Hansen, JP, Pareek, M, Hvolby, A, Schmedes, A, Toft, T, Dahl, E, Nielsen, CT
BMC research notes. 2019;(1):203
Abstract
OBJECTIVE To examine whether vitamin D supplementation in patients with depression would result in a reduction in Hamilton D-17 depression score (primary outcome) at 3 and 6 months compared to controls and to explore the correlations between serum vitamin D and symptoms of depression, wellbeing, systolic blood pressure, and waist circumference. In this outpatient multicentre study conducted between 2010 and 2013, patients, 18-65 years old, diagnosed with mild to severe depression were randomly assigned to receive D supplementation 70 micrograms daily or placebo on top of standard treatment.
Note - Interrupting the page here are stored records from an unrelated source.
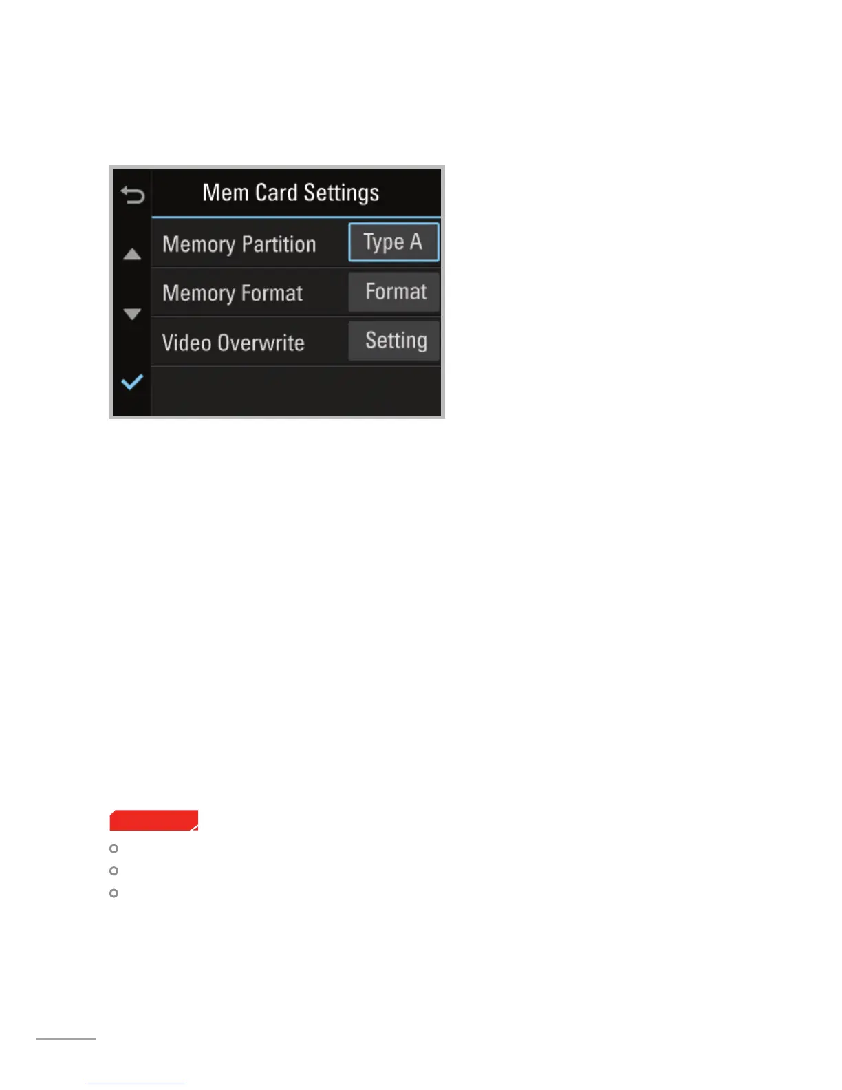 Memory Format : Formats the MicroSD card
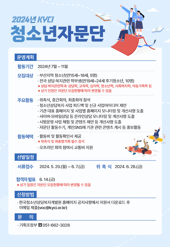 한국청소년상담복지개발원은 여성가족부 산하 공공기관으로 청소년의 건강한 성장을 위해 청소년상담복지 인력 양성 및 교육, 전문상담서비스 제공 등의 다양한 사업을 수행하고 있습니다. 한국청소년상담복지개발원에서는 청소년의 눈높이에 맞게 사업 서비스를 개선하기 위해 2024년도 청소년자문단을 모집하오니 많은 관심과 참여 독려 부탁드립니다. 가. 2024년 청소년자문단 모집 개요 1) 활동기간 : 2024년 7월 ~ 11월 2) 모집대상 : 부산지역 청소년 및 전국 상담복지관련 학부생 3) 모집인원 : 15명 4) 주요활동 - 청소년상담복지 사업 피드백 및 신규 사업아이디어 제안 - 홈페이지 등 온라인 매체 모니터링 및 개선사항 도출 - 청소년사이버상담 서비스 체험 및 개선사항 도출 등 나. 활동 혜택 - 위촉식 및 중간회의·최종평가회 참여 시, 교통비 지급 - 활동비 및 활동확인서 제공 다. 모집기간 : 2024년 6월 7일(금)까지 - 신청방법 : 첨부된 모집안내의 지원신청서 및 자기소개서 다운 후 이메일 제출(voc@kyci.or.kr)
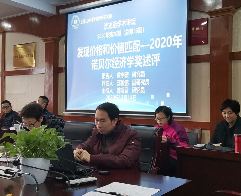 2020年12月14日上午,经济研究所“沈志远学术讲坛”(第20期)由经济研究所研究员詹宇波主讲,题目为“价格和价值匹配-2020年诺贝尔经济学奖述评”。本次讲坛由经济所副所长韩汉君研究员主持,经济所统计学与数量经济研究室邸俊鹏副研究员担任评论人。
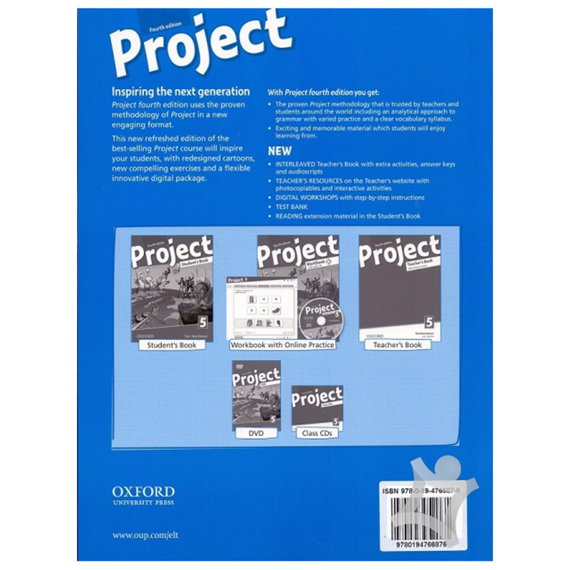 مجموعه Project (ويرايش چهارم) با تصاوير جديد، تمرينها و بسته ديجيتالي جديد در 5 دوره براي کودکان 10 تا 15 سال ارائه ميشود. این مجموعه شامل 5 کتاب با سطوح مختلف بوده و هر کتاب شامل 6 درس میباشد. این کتاب مشوقی عالی برای یادگیری زبان انگلیسی از طریق ارائه محتواهای بهروز و جدید میباشد. این کتاب با فراهم آوردن متون جذاب، موضوعات بحث برانگیز و فعالیتهای منحصربفرد در تمام سطوح دانشآموزان را به یادگیری زبان علاقهمند میسازد.

Participants, care givers and those assessing the outcomes were blinded to group assignment. RESULTS At baseline, 23 patients had a normal 25(OH)D level, 22 had insufficiency (< 25 nmol/L), and 17 had deficiency (25-50 nmol/L). No significant reduction in depression was seen after vitamin D supplementation compared to placebo at Hamilton (18.4-18.0; p = 0.73 at 12 weeks). Vitamin D supplementation did not provide a reduction in symptom score among patients with depression. Trial registration The trial was registered in the National Board of Health (EudraCT: 2011-002585-20) and in ClinicalTrials.Gov (NCT01390662).